Unexpected behavior when summing multiple criterions

Hello,

I am trying to train a GAN in pytorch, and as training the “discriminator” will require doing based on the discriminator output on “real”, and “fake” samples. I tried doing this in two different ways that I expected to be equivalent, but seems to be only one of them works.

First approach: (Didn’t work) - summing the two criterions and backward the combined loss.

criterion = nn.BCELoss()
d_out_real = model_d(real_input)
real_loss = criterion(d_out_real, real_label)
d_out_fake = model_d(fake_input)
fake_loss = criterion(d_out_fake, fake_label)
total_loss = real_loss + fake_loss

d_optimizer.zero_grad() # Adam optimizer to optimize model_d parameters
total_loss.backward()
d_optimizer.step()

Second approach: (Works fine): backward each criterion loss individually, then taking an optimization step.

criterion = nn.BCELoss()
d_optimizer.zero_grad() # Adam optimizer to optimize model_d parameters
d_out_real = model_d(real_input)
real_loss = criterion(d_out_real, real_label)
real_loss.backward()
d_out_fake = model_d(fake_input)
fake_loss = criterion(d_out_fake, fake_label)
fake_loss.backward()
d_optimizer.step()

Third approach: (Doesnot work): Exactly like second approach, except for delaying the real_loss.backward() until after I compute the model output and loss from fake data.

criterion = nn.BCELoss()
d_optimizer.zero_grad() # Adam optimizer to optimize model_d parameters
d_out_real = model_d(real_input)
real_loss = criterion(d_out_real, real_label)
d_out_fake = model_d(fake_input)
fake_loss = criterion(d_out_fake, fake_label)
real_loss.backward()
fake_loss.backward()
d_optimizer.step()

Notes:

  • I tried using two BCELoss modules, but it didn’t help.
  • I also tried computing the loss using the functional APIs torch.nn.functional.binary_crossentropy_loss.

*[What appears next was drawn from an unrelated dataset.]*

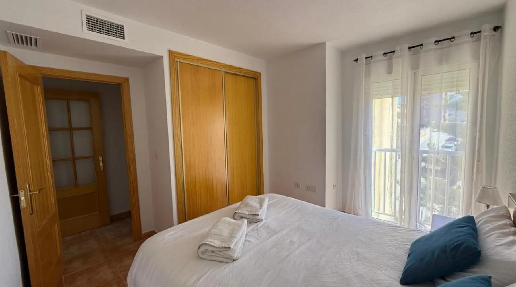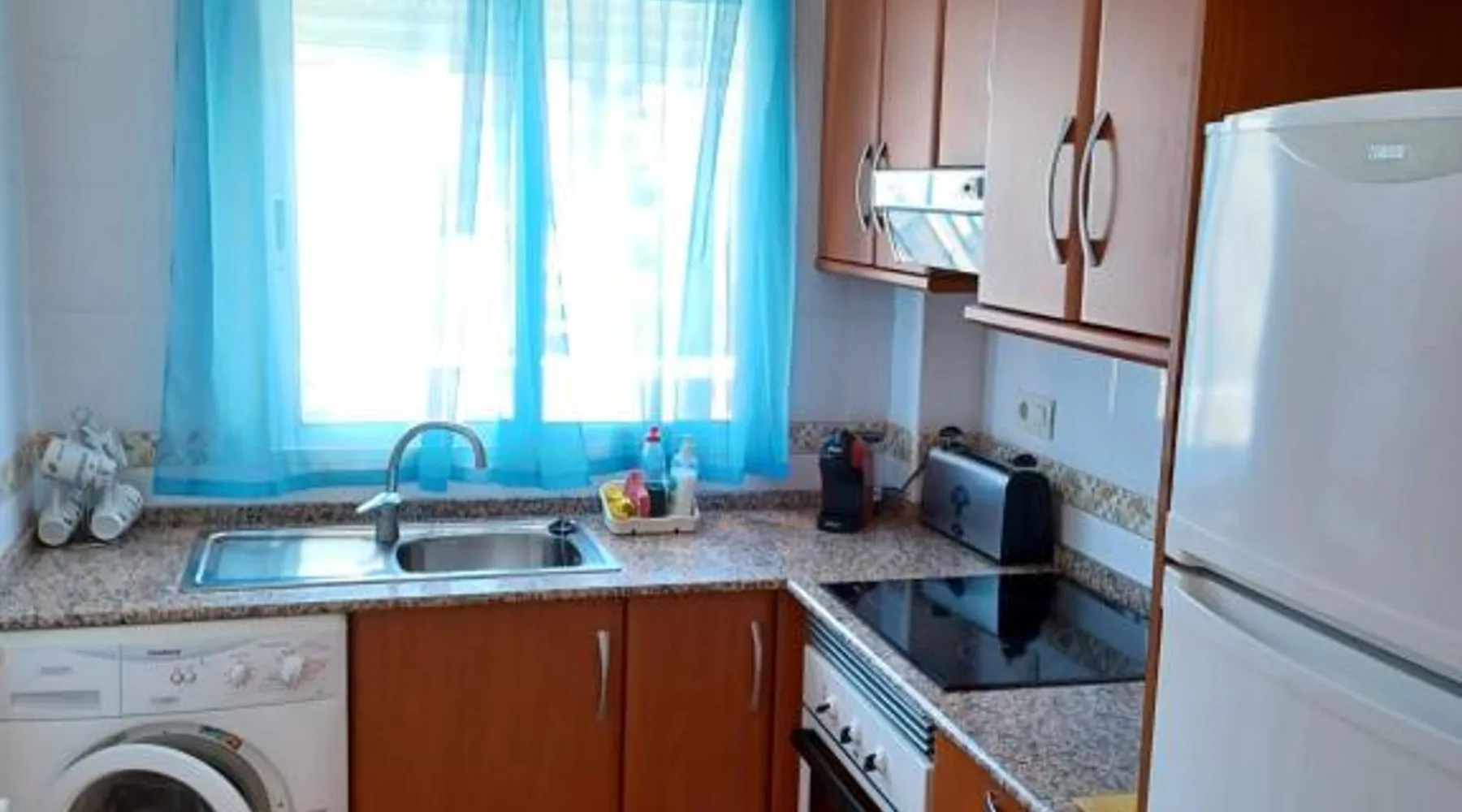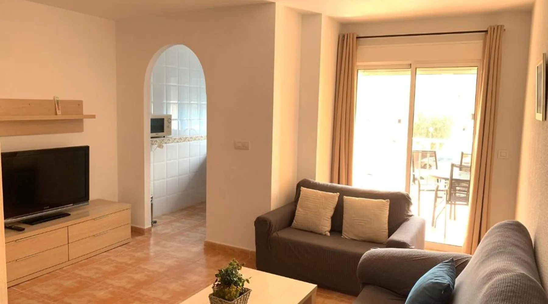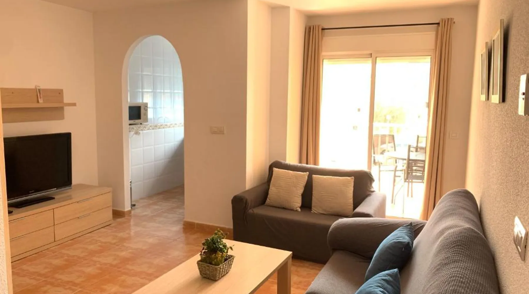 Spacious Accommodations: Brisas del mar in Puerto de Mazarrón offers a spacious apartment with one bedroom and a living room. The property features family rooms and a terrace, providing ample space for relaxation. Exceptional Facilities: Guests can enjoy a saltwater swimming pool and a terrace, perfect for outdoor activities. The apartment includes a kitchenette, balcony, and free on-site private parking. Comfortable Amenities: The apartment is equipped with air-conditioning, a washing machine, and a fully fitted kitchen. Additional amenities include a TV, sofa, and wardrobe, ensuring a comfortable stay. Prime Location: Located 1.1 mi from Isla Beach and 21 mi from Region de Murcia International Airport, Brisas del mar is highly rated by guests for its excellent location and facilities. This spacious apartment includes 1 living room, 1 separate bedroom and 1 bathroom with a bath and a bidet. The apartment's kitchen, which has a refrigerator, is available for cooking and storing food. The air-conditioned apartment offers a flat-screen TV, a washing machine, a coffee machine, a seating area as well as sea views. The unit has 3 beds.

Also this changed nothing.

Any explanations ?

Thanks,
Moustafa

Hi,

I would expect the three to have the exact same behaviour.
Have you ran each multiple times, isn’t this working/not working because of other stability reasons of GAN that do not always converge for different runs?

Thanks @albanD… Yeah, I ran many times and always getting same results (Only case 2 works)

Could you give some code to reproduce the issue? Do you have custom Functions?

Thanks @albanD. My code (using the working scenario case 2) is available on Github here:

To switch to case 1: you can comment line 170 and replace line 184 by the following line:

errD.backward()

To switch to case 3: you can move line 170 from its position and place it at the top of line 184.

Thanks,
Moustafa